Barbara A. Key, a church and community leader in Reading, was the assistant vice president and senior branch manager of a bank, as well as a board member of the YMCA, Berks Women in Crisis, Junior Achievement, Leadership Berks, and the United Way.  Key was a member of the Bethel AME church and a past president of the senior usher board.  She died in 2002 at the age of sixty-one.

 

Velma King was chosen by the Reading school board in 1957 as the first African American teacher in its integrated school, seventy years after it was first integrated.  King is the widow of Reverend James C. Bannerman, former pastor of Bethel A.M.E. Church.

 

Daisy (Adams) Lampkin, a civil rights activist dubbed “Mrs. NAACP,” was born in Reading some time between 1884 and 1888.  In 1909 she moved to Pittsburgh, where she served as national field secretary for the NAACP from 1935 to 1947, and was a major fundraiser for the organization.  Lampkin was a founder of the Lucy Stone Civic League and the National Council of Negro Women.  She was the vice-president of the Pittsburgh Courier Publishing Company, the most widely circulated African American newspaper in the world in the 1940s and 50s, and twice served as an alternate delegate to the National Republican Convention (she later changed her party allegiance to support Franklin D. Roosevelt).  A March 11, 1965, editorial in the Pittsburgh Gazette states, “[Lampkin] struggle[d] for Negro rights before the justice of the cause was popularly accepted” and was “instrumental in advancing the National Association for the Advancement of Colored People and, indirectly, the case [Brown v.

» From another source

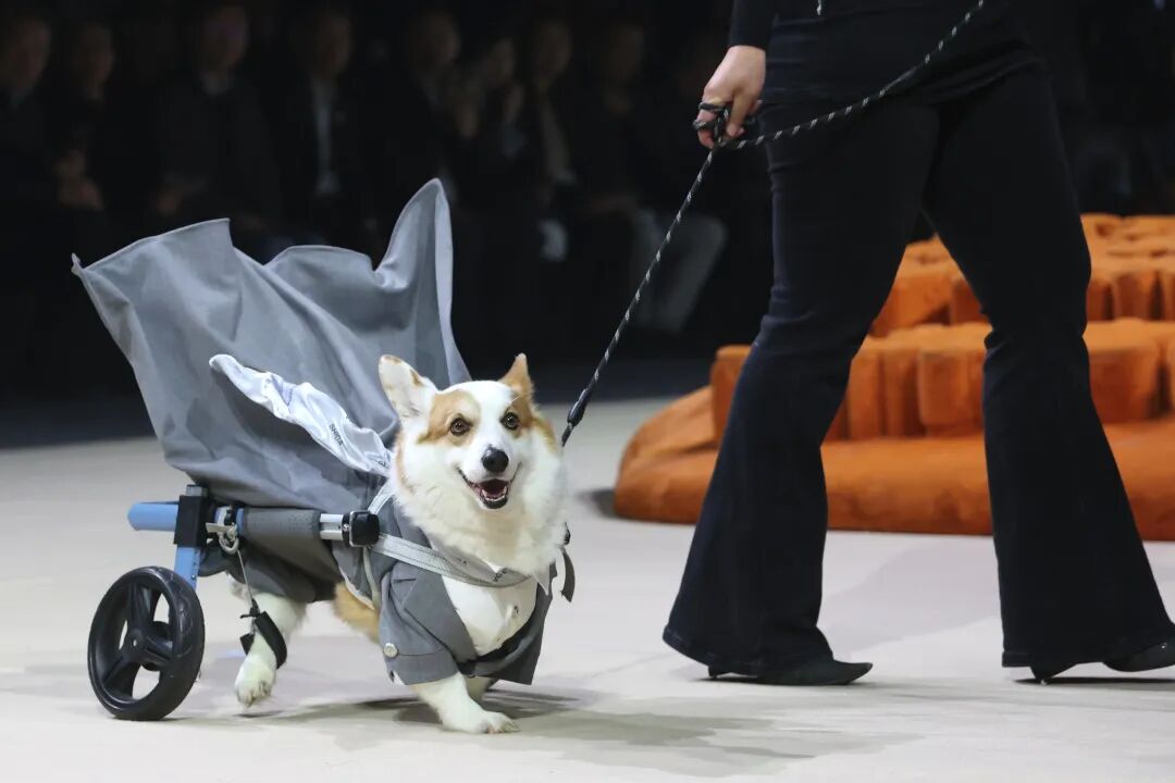 动感的音乐响起,“毛孩子”们轮番登场——有的身着精致的定制服饰,步伐轻盈,仿佛自带追光;有的披上潮酷的机能风夹克,昂首挺胸,眼神里写满“我就是主角”。它们或大摇大摆地踩准节拍,或迈着小碎步跑向T台前端,尾巴摇得像拨浪鼓,惹得台下快门声此起彼伏、笑声连连。

Board of Education] which led to the legally enforced desegregation of public schools.”

-

Pattee Miller, who died in 2002, was a community leader and “a source of inspiration and support for thousands of Berks Countians” (Amprey, “Lodge Members” 9).  Miller worked as a radio personality, social worker, and a community and church organizer.  As a Democratic candidate for city council in 1971, Miller was the first African American woman to run for public office in Reading (she lost), and she was the first woman elected president of both the board of trustees at Wernersville State Hospital and the Greater Reading Council of Churches.  She was the first African American to host a talk show (“Night Mayor”) at WEEU Radio in Reading.  Miller was an organizer and member of the Berks County Commission for Women, founded in 1993, a member of the Mayor’s Advisory Council, and she was active on the Human Relations Council of Berks County.  She was assistant director of Family Guidance Center, Reading, and coordinator of HELP, a 24-hour telephone emergency service in Berks County. 

 

Precilla Miller was superintendent of the Bethel A.M.E. Church Sunday School in Reading for forty-five years (Goda 2004-05, 16).

 

Jenny Terry, a former slave, was the head of an important family in Reading’s history.  After being freed, Terry and her nine children came to Reading, where four of her sons became successful barbers and businessmen, and two fought in the Civil War (14).  Moses Terry, her oldest son, was a part of the Underground Railroad and was Reading’s first African American postal worker, later becoming principal of the Phillippi School, a “colored school” on North 10th Street in Reading, from 1873 to 1876.  Terry’s daughters worked for the Washington Presbyterian Church, her grandson was Reading’s first African American police officer, and her great-grandson was Reading’s first African American doctor (Goda 2004-05, 11-14).

 

Chloe Walker, who died in August 1910, was born a slave on a farm in Virginia to African parents.  Walker moved to Reading, via Chambersburg and Harrisburg, with her ten children in 1864; her husband, Edward Walker, a carter and city scavenger, had come to Reading after the Civil War (“Mrs. Chloe Walker” 1909).